Everything from the line containing "Flos 2097/30 er" through the last line of the listing below should be returned exactly, except for pictures.

Provided data:
Content starts
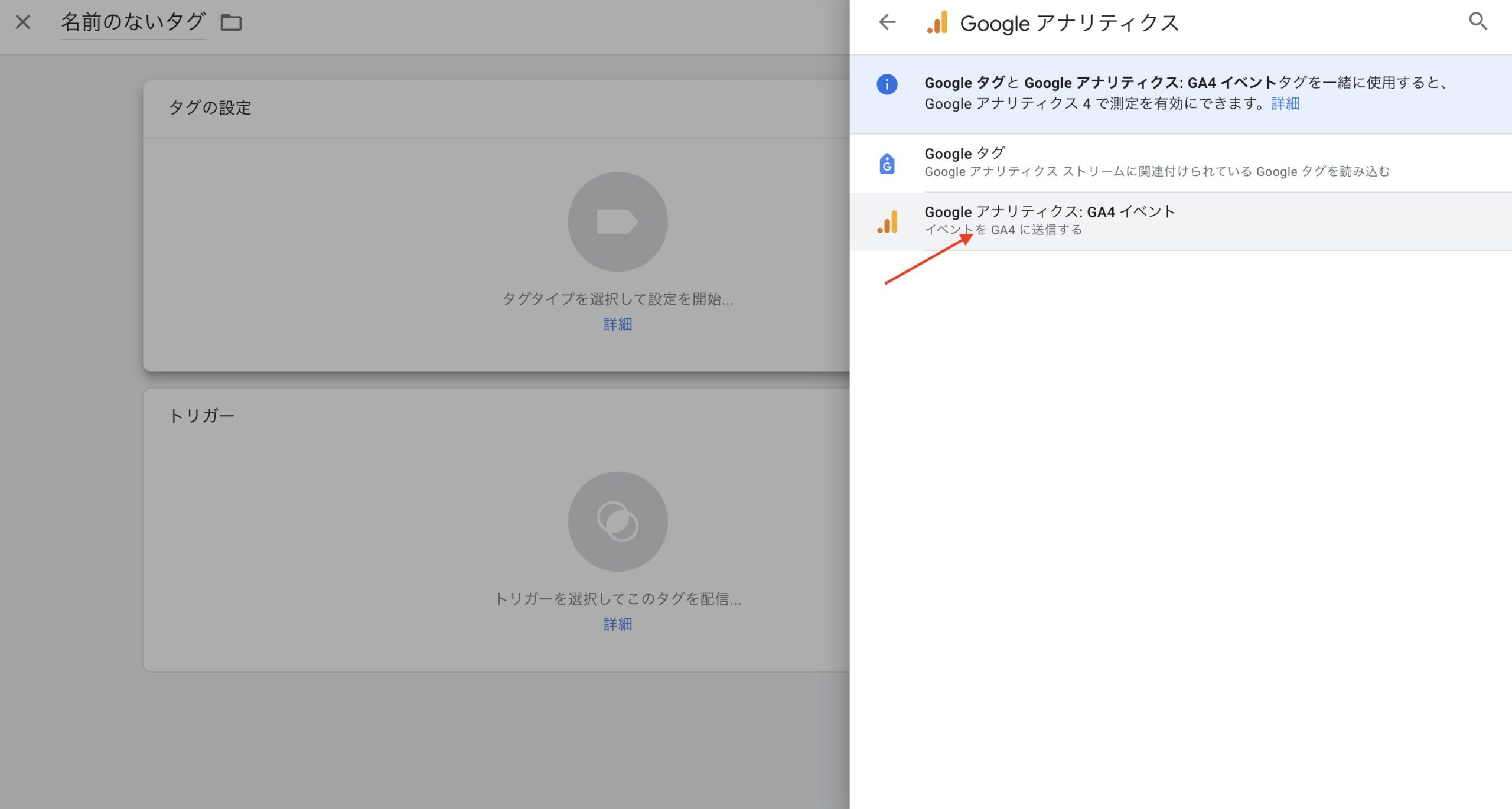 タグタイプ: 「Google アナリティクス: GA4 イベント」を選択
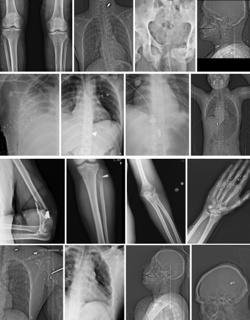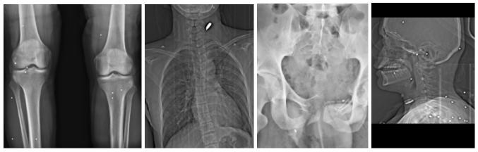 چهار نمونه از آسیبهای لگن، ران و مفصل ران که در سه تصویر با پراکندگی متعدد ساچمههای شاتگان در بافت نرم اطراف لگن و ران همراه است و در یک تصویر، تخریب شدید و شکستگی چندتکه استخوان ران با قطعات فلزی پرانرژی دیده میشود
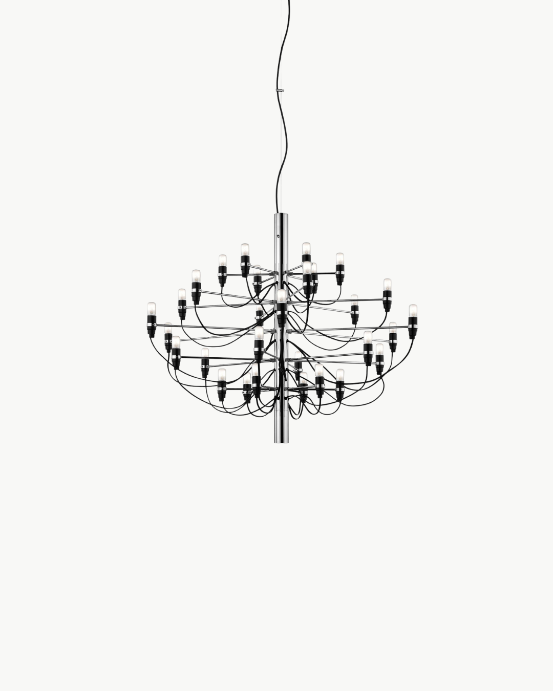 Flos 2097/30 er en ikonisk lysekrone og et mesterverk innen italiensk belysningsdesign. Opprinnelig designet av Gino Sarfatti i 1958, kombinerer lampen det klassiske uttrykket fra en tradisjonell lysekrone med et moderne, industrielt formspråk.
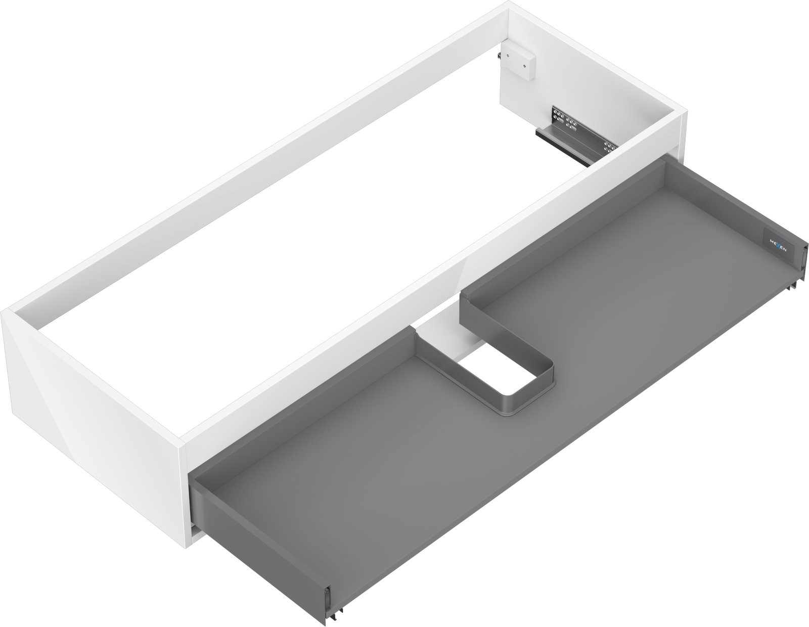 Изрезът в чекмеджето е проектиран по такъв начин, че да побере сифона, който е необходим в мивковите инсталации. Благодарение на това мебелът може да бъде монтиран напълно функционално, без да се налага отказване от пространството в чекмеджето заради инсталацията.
Content ends
Expected output:
 Flos 2097/30 er en ikonisk lysekrone og et mesterverk innen italiensk belysningsdesign. Opprinnelig designet av Gino Sarfatti i 1958, kombinerer lampen det klassiske uttrykket fra en tradisjonell lysekrone med et moderne, industrielt formspråk.
 Изрезът в чекмеджето е проектиран по такъв начин, че да побере сифона, който е необходим в мивковите инсталации. Благодарение на това мебелът може да бъде монтиран напълно функционално, без да се налага отказване от пространството в чекмеджето заради инсталацията.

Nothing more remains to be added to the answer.